The patent office building, which we moved into in 1905, is on a stamp of the Deutsche Bundespost (1977) for the 100th anniversary of the patent office
Patent applicant
The front runners at the German Patent and Trademark Office in 2016 were Bosch with 3,693 patent applications, Schaeffler with 2,316 patent applications, and Daimler with 1,946 patent applications. In 2017, 6% of patents were registered by women. In Baden-Württemberg , eleven times more patents are registered per 100,000 inhabitants than in Mecklenburg-Western Pomerania .
Inventor gallery
In 1984 the DPMA opened an inventor gallery. It should be "an incentive for all innovative forces to develop further and a signal to those responsible to promote them sustainably." It was expanded in 1987 and 1999 and since then has comprised 17 German inventors: Béla Barényi , Gerd Binnig , Ludwig Bölkow , Walter Bruch , Jürgen Dethloff , Artur Fischer , Rudolf Hell , Heinz Lindenmeier , Hermann Oberth , Hans Joachim Pabst von Ohain , Oskar-Erich Peter , Hans-Jürgen Quadbeck-Seeger , Ernst Ruska , Hans Sauer , Felix Wankel , Ernst- Ludwig Winnacker and Konrad Zuse .
literature
- Reichspatentamt (Ed.): The Reichspatentamt 1877–1927. Review of his development and work . Heymanns, Berlin 1927 (digitized version)
- Martin Otto : German Patent and Trademark Office (DPMA) . In: Historical Lexicon of Bavaria
Web links
- Official website
- Working Group of German Patent Information Centers e. V.

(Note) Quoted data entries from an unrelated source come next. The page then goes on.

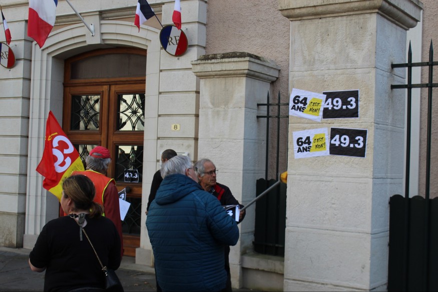 Des affiches noires « 49.3 » collées sur la façade, quelques inscriptions hostiles au projet taggées au sol : les opposants à la réforme des retraites avaient ciblé la sous-préfecture de Montluçon hier soir.
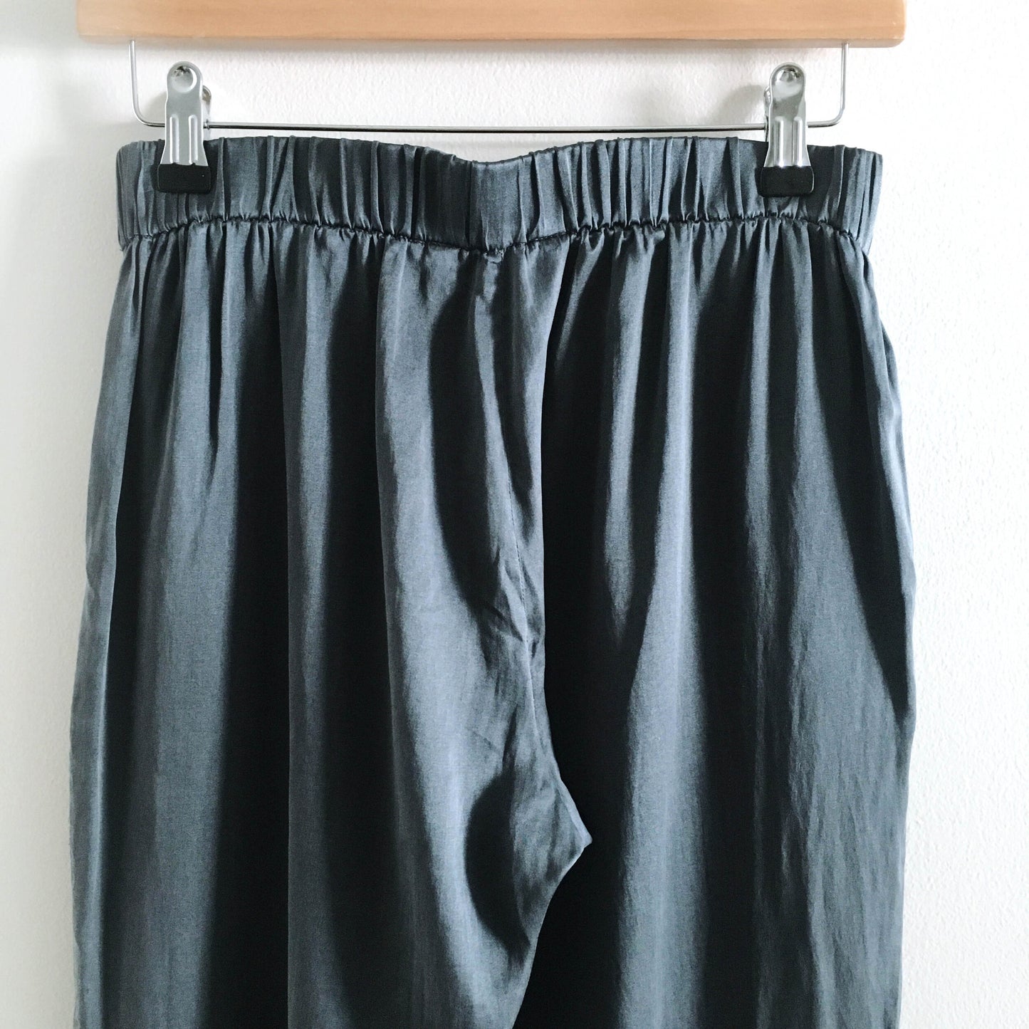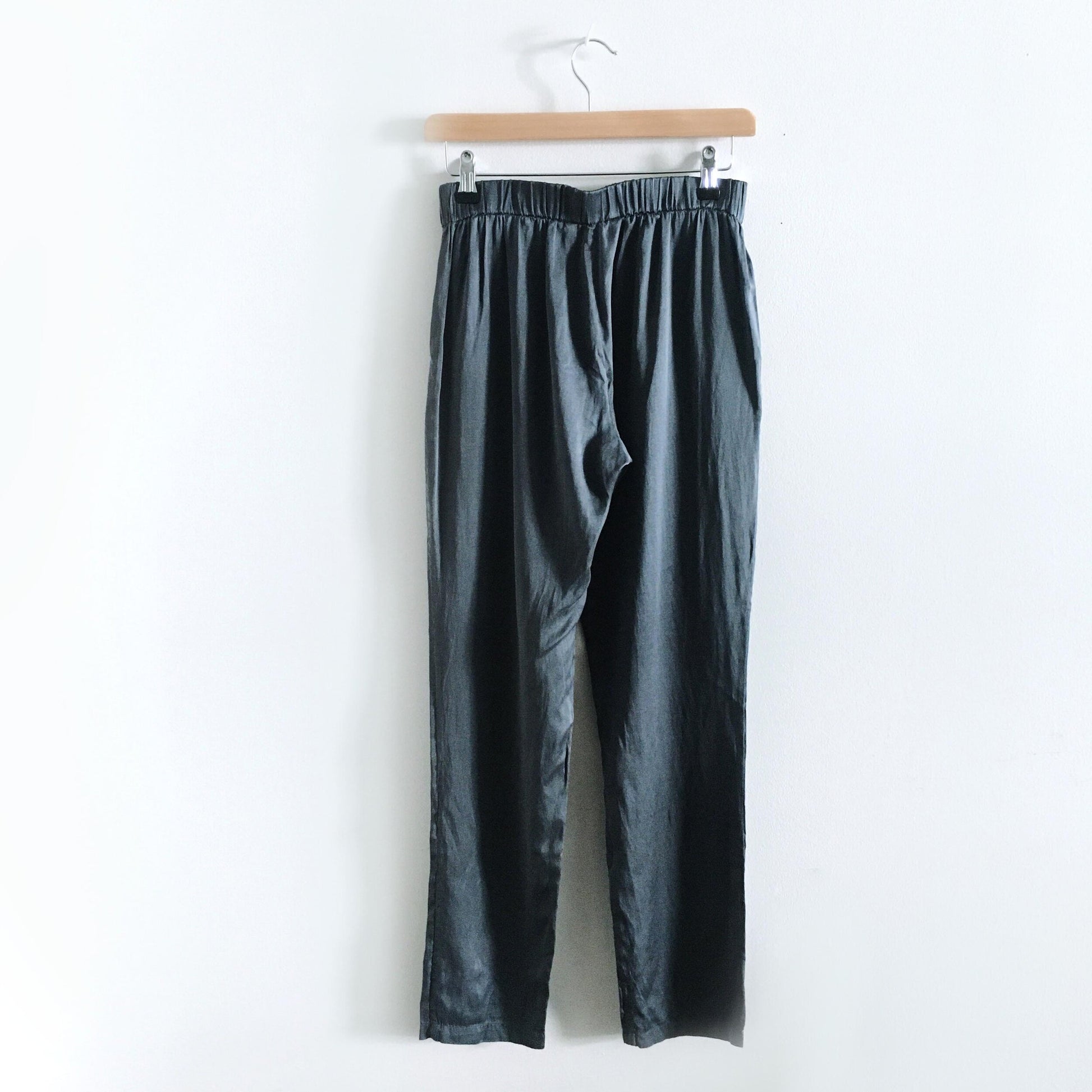 Item Description: These silky dusty blue joggers from French Connection feature an elastic waist and tie front (faux drawstring), and side pockets. 100% silk
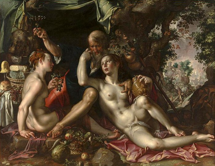 Это понятно, что художники того времени отражали на картинах те знания, которыми обладали. Доподлинно не зная, как выглядит Святая земля, они переносили на полотно известный им мир. Так, на картине «Лот с дочерьми» опять появляется яблоня, хотя во времена Христа яблони в Израиле еще не было.
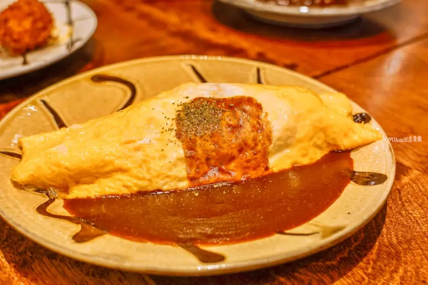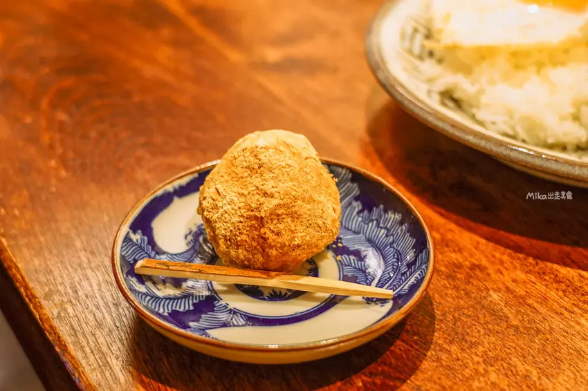 另一道主餐選擇是「燉煮和牛筋蛋包飯」,同樣使用高品質的和牛牛筋燉煮入味,做成咖哩風味的蛋包飯。雖然相較於漢堡排與可樂餅,這道料理表現較為中規中矩,但依然保有一定的水準。值得一提的是套餐附贈的甜點「天然酵母油炸麵包」,口感有點像炸麻糬,上桌時還帶有溫熱的溫度,外酥內軟 Q,搭配一杯自家烘焙的熱咖啡一起享用,為這頓充滿民藝氣息的午餐畫下完美的句點。
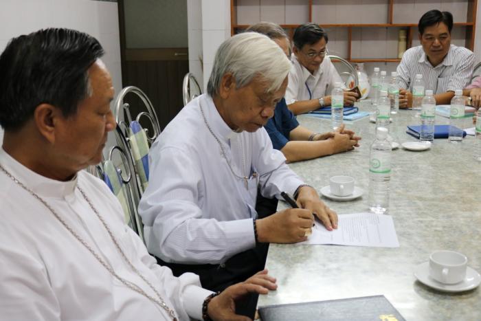 Ðính Kèm 14146LONG XUYÊN - Đúng 17g30 chiều ngày 15/08/2018, khi chuông nhà thờ Chánh tòa reo vang báo lễ chiều mừng đại lễ Đức Mẹ Hồn Xác Về Trời thì tại Trung Tâm Giáo Dục Thường Xuyên, Đức giám mục Chính toà giáo phận, Giuse Trần Xuân Tiếu, đã ký văn bản nhận lại Đại chủng viện Thánh Tôma trước đây.
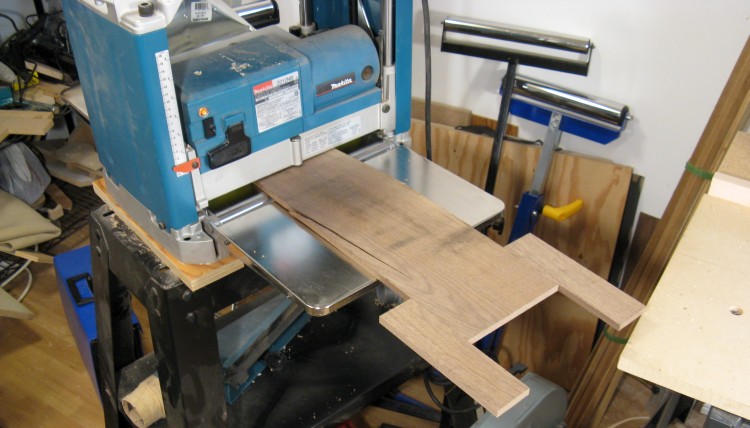 I needed at least one of the layers to be nice and round. This shot shows a walnut plank being planed to the same thickness as the other layers before I cut that nice round piece out of it.
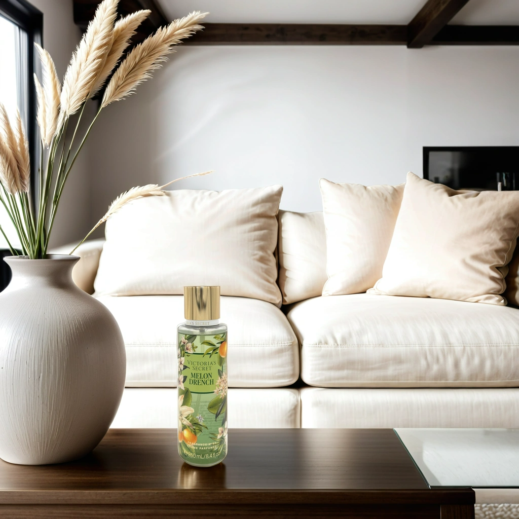 Victoria's Secret Melon Drench Fragrance Mist smells like a refreshing blend of sweet melon, tropical pineapple, and kiwi, perfect for a daily fruity escape.
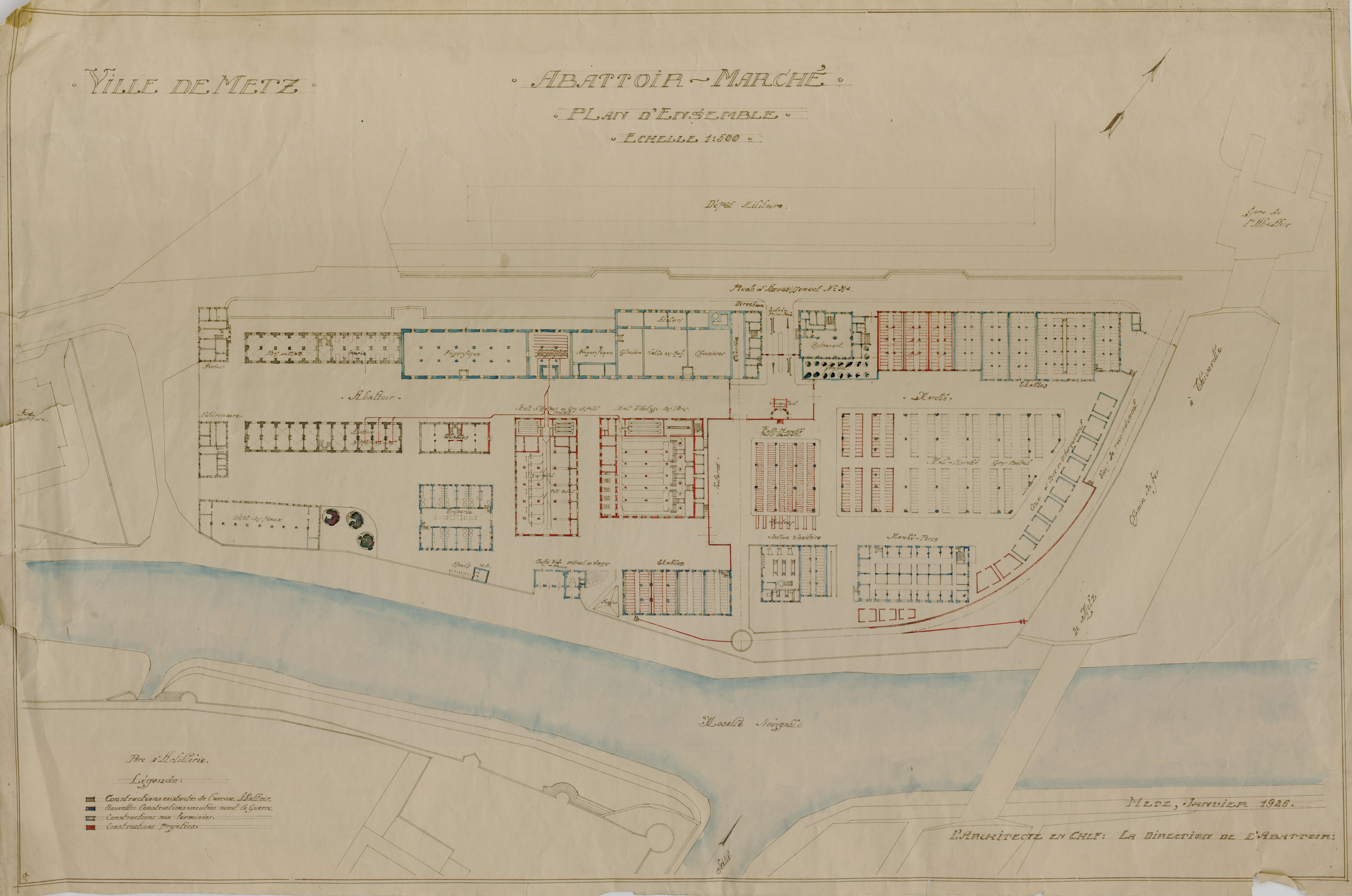 Plan daté de janvier 1926 qui représente le plan au sol des abattoirs de Metz par l'architecte de la direction des abattoirs.

- Research in the databases of the DEPATIS system of the DPMA
Individual evidence
- ↑ About us. DPMA, February 26, 2020, accessed on August 4, 2020 .
- ↑ Press release of the DPMA.
- ↑ a b Process for the production of a red ultramarine color. (PDF) Johannes Zeltner in the Nuremberg ultramarine factory. In: Patent No. 1. Imperial Patent Office, July 1, 1877, p. 1 , accessed on May 13, 2020 .
- ^ Reichspatentamt (Ed.): The Reichspatentamt 1877–1927. Review of his development and work . Heymann, Berlin 1927 ( digitalis.uni-koeln.de [accessed on March 5, 2010]).
- ↑ See information on the PERKEO trademark in the register of the German Patent and Trademark Office (DPMA)
- ↑ October 16, 1894: First trademark entered in the trademark register , WDR record date October 16, 2014. Accessed June 3, 2017.
- ^ The German Patent Office 1877-1945 (lecture on the occasion of the 90th anniversary of the German Patent Office in 1967) , accessed on August 22, 2016.
- ↑ Imperial Patent Office in luise-berlin.de, accessed on 22 August 2016th
- ^ The new service building for the Imperial Patent Office in Berlin . In: Otto Sarrazin, Friedrich Schultze (Hrsg.): Zentralblatt der Bauverwaltung . tape XXV , no. 79 , September 30, 1905, pp. 489-492 ( digitized version ).
- ^ The new office building for the Imperial Patent Office in Berlin (end) . In: Otto Sarrazin, Friedrich Schultze (Hrsg.): Zentralblatt der Bauverwaltung . tape XXV , no. 80 , October 30, 1905, p. 497-499 ( digitized version ).
- ↑ Control Council Act No. 5
- ↑ History on the DPMA website
- ↑ The Reich Patent Office . In: Provinzial-Correspondenz . tape 15 , no. 28 , July 11, 1877, p. 2 ( amtspresse.staatsbibliothek-berlin.de [PDF]).
- ↑ DPMA Annual Report 2016, p. 7. ( Memento from August 19, 2017 in the Internet Archive ) (PDF).
- ↑ DPMA | Patents women. Retrieved April 19, 2019 .
- ↑ DPMA | Patents. Retrieved April 19, 2019 .
- ^ The inventor gallery of the German Patent and Trademark Office . ( online [accessed June 3, 2017]).